**Assigned task**
Start to finish, return the listing below exactly, pictures excluded.

**Available data**

•••••

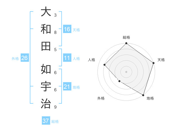 大和田 如宇治さんを姓名の画数から五運を鑑定
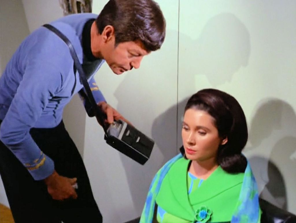 We take a bit of a nostalgia trip this week in “Metamorphosis.” The prologue returns us to the shuttlecraft Galileo – except with a more spacious interior than it had in “The Galileo Seven” – with Kirk, Spock, and McCoy escorting Assistant Federation Commissioner Hedford (Elinor Donahue) to the Enterprise for emergency medical care. Hedford contracted a life-threatening illness during negotiations to prevent a war from breaking out. (Why is the Enterprise so far from the away team? Who knows?) En route, the shuttle is hijacked by an unknown force and crash-lands on an unnamed planetoid. The crew encounters Zefram Cochrane (Glenn Corbett), “discoverer of the space warp,” and the hijacker itself, a disembodied electric field Cochrane refers to as the Companion (voiced by Elizabeth Rogers, who also played communications officer Lieutenant Palmer in “The Doomsday Machine”). Cochrane tells the away team he had gone to space to die as an old man; the Companion found him, de-aged him in less time than it takes to watch The Irishman, and has kept him healthy and ageless for 150 years. The Companion has grown attached to Cochrane, “almost a symbiosis,” as McCoy describes it; rather than release Cochrane, hungry for company from his own kind, the Companion intends the away team to remain indefinitely to be his friends.
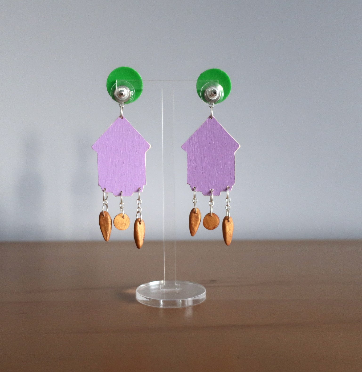 Für diese Ohrringe habe ich eine Zeichnung am Computer erstellt, die ich anschließend manuell auf Birkenholz übertragen und dann mit einer Dekupiersäge ausgesägt habe. Um die Haltbarkeit zu verbessern wurde eine Schicht matter Lack aufgetragen. Die 'Tannenzapfen' und das 'Pendel' sind aus Fimo.

•••••

**Result**
 大和田 如宇治さんを姓名の画数から五運を鑑定
 We take a bit of a nostalgia trip this week in “Metamorphosis.” The prologue returns us to the shuttlecraft Galileo – except with a more spacious interior than it had in “The Galileo Seven” – with Kirk, Spock, and McCoy escorting Assistant Federation Commissioner Hedford (Elinor Donahue) to the Enterprise for emergency medical care. Hedford contracted a life-threatening illness during negotiations to prevent a war from breaking out. (Why is the Enterprise so far from the away team? Who knows?) En route, the shuttle is hijacked by an unknown force and crash-lands on an unnamed planetoid. The crew encounters Zefram Cochrane (Glenn Corbett), “discoverer of the space warp,” and the hijacker itself, a disembodied electric field Cochrane refers to as the Companion (voiced by Elizabeth Rogers, who also played communications officer Lieutenant Palmer in “The Doomsday Machine”). Cochrane tells the away team he had gone to space to die as an old man; the Companion found him, de-aged him in less time than it takes to watch The Irishman, and has kept him healthy and ageless for 150 years. The Companion has grown attached to Cochrane, “almost a symbiosis,” as McCoy describes it; rather than release Cochrane, hungry for company from his own kind, the Companion intends the away team to remain indefinitely to be his friends.
 Für diese Ohrringe habe ich eine Zeichnung am Computer erstellt, die ich anschließend manuell auf Birkenholz übertragen und dann mit einer Dekupiersäge ausgesägt habe. Um die Haltbarkeit zu verbessern wurde eine Schicht matter Lack aufgetragen. Die 'Tannenzapfen' und das 'Pendel' sind aus Fimo.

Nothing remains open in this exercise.